The most frequent confusion that I encounter with users is related to what are OneDrive and OneDrive for Business, and how do I know the difference. There’s good reason for this. The OneDrive brand has been used to refer to two different services and multiple different components.
To be simple about it, OneDrive is the cloud file synchronization platform for Microsoft. OneDrive keeps files on your PC in sync with files on a cloud-hosted server. OneDrive has a personal and a commercial offering. In the commercial offering, OneDrive is also the mechanism that is used to synchronize SharePoint sites.
This is the consumer-based offering that is available for free for a few gigabytes. It provides the same kind of synchronized files feel as competitors like Google Drive, Box, DropBox, etc. The files look like they’re on your PC — which they may or may not be — but there is a copy stored (and backed up) on a server in the cloud. You can view your files either on your PC or via a web browser on the cloud-hosted storage.
OneDrive for Business
OneDrive for Business surfaces the same features as the personal version and largely looks identical, except that there is additional storage available. However, OneDrive for Business creates the capability to not only synchronize a personal space for files, but also to synchronize shared files that live in SharePoint sites across the organization. This capability means that you and your colleagues can have synchronized copies of the same files from the places that you work together.
The program that manages the synchronization of files for both OneDrive Personal and OneDrive for Business is simply called OneDrive. It’s included with Windows 10 but is also available for earlier operating systems. In the past, Microsoft also had a separate program for synchronizing OneDrive for Business. This tool evolved from Microsoft’s acquisition of Groove and went through a series of name changes before ending at OneDrive for Business. This synchronization tool has been deprecated for all situations except for synchronizing files from on-premises SharePoint servers.
The OneDrive program will display multiple cloud icons on your taskbar — but these are the same program. The blue cloud is your OneDrive for Business connection, and the white cloud is your OneDrive personal connection.

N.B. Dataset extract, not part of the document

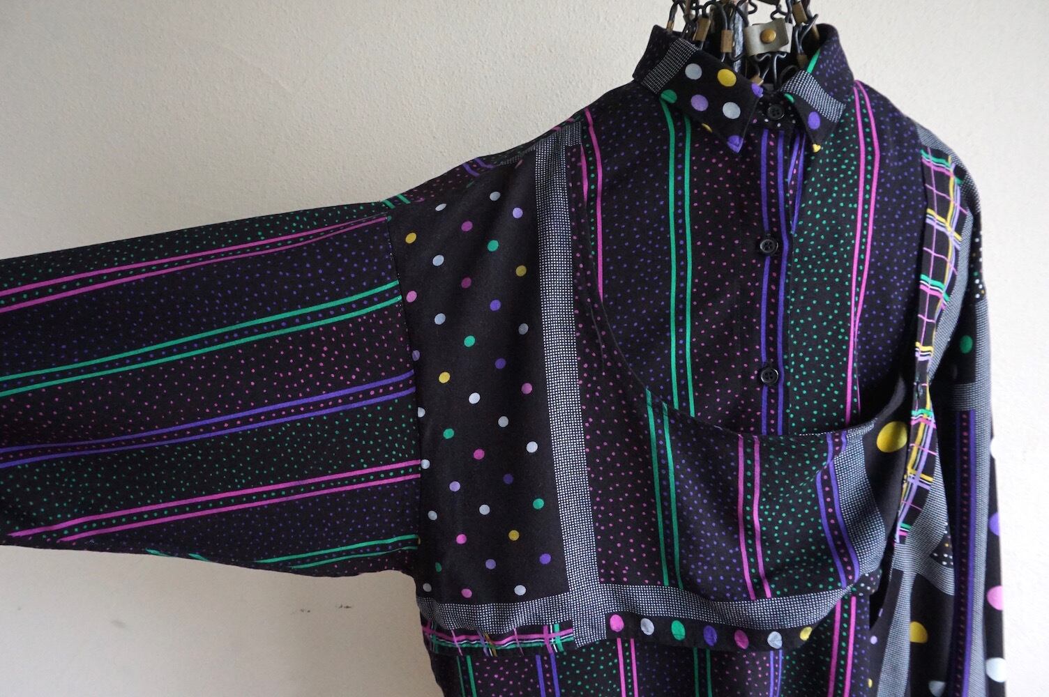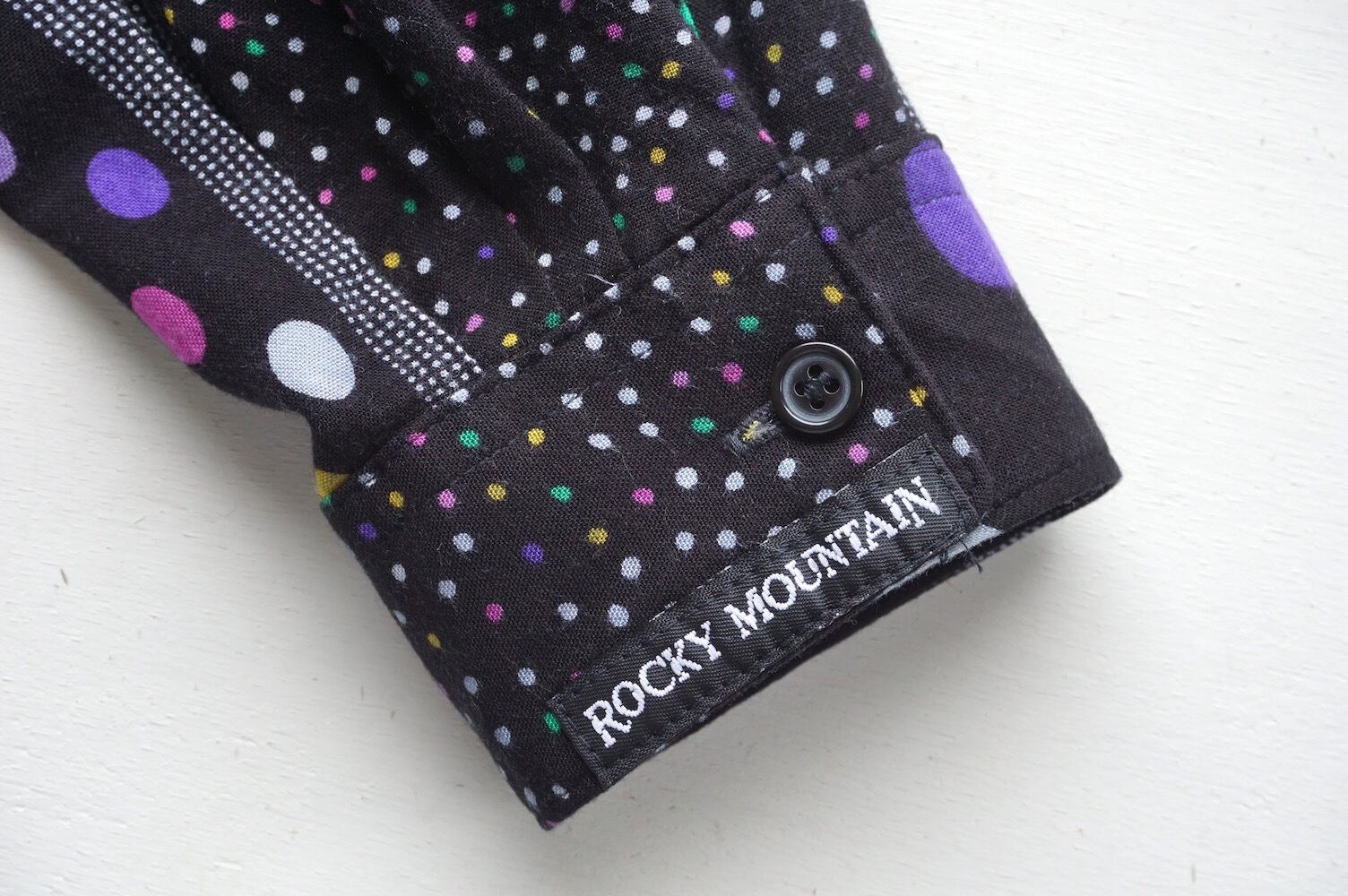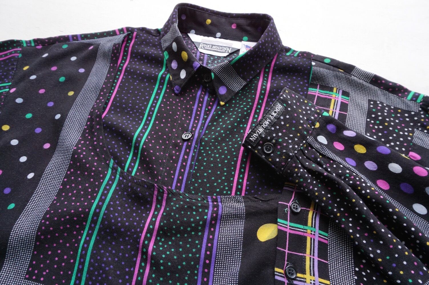 1980's〜90's USA製 [ROCKY MOUNTAIN] ネオンカラードットプリント 変形デザイン L/S レーヨンシャツ ブラック 表記(women's M) ヴィンテージ

When the OneDrive program is synchronizing to the cloud, you’ll see a set of circular arrows. When the arrows aren’t present, the program is not synchronizing any files.
Offline, Online, Synchronizing
You can see with OneDrive whether a file is synchronized, available for download online, or needs to be synchronized by looking at the icons in the file explorer — or the file open dialog.
The green checkmark next to a file means that the files is downloaded and available locally. The blue arrows indicate that the file is synchronizing — either from the local machine to the cloud storage or from cloud storage to the local machine. The final icon is the cloud icon, which indicates that the file is available online only or that the whole folder isn’t available offline. If you click on the file, it will be transparently downloaded to your local system and the default application for the file will be launched.
Files on Demand
The name for the feature that allows you to connect OneDrive to cloud storage but not download all the files is called “files on demand.” The files, as indicated above, are downloaded on demand. When they’re needed, they’re downloaded, and eventually, as the PC needs more storage — or the file is changed on the server — the files are removed. This allows you to synchronize even very large libraries without needing to have all that storage on your local system.
If you know that you’re going to want to have the files available to you, and you’ll be offline, you can right-click a file or folder and select Always keep on this device. The folder will change to a synchronizing icon, then eventually a green check.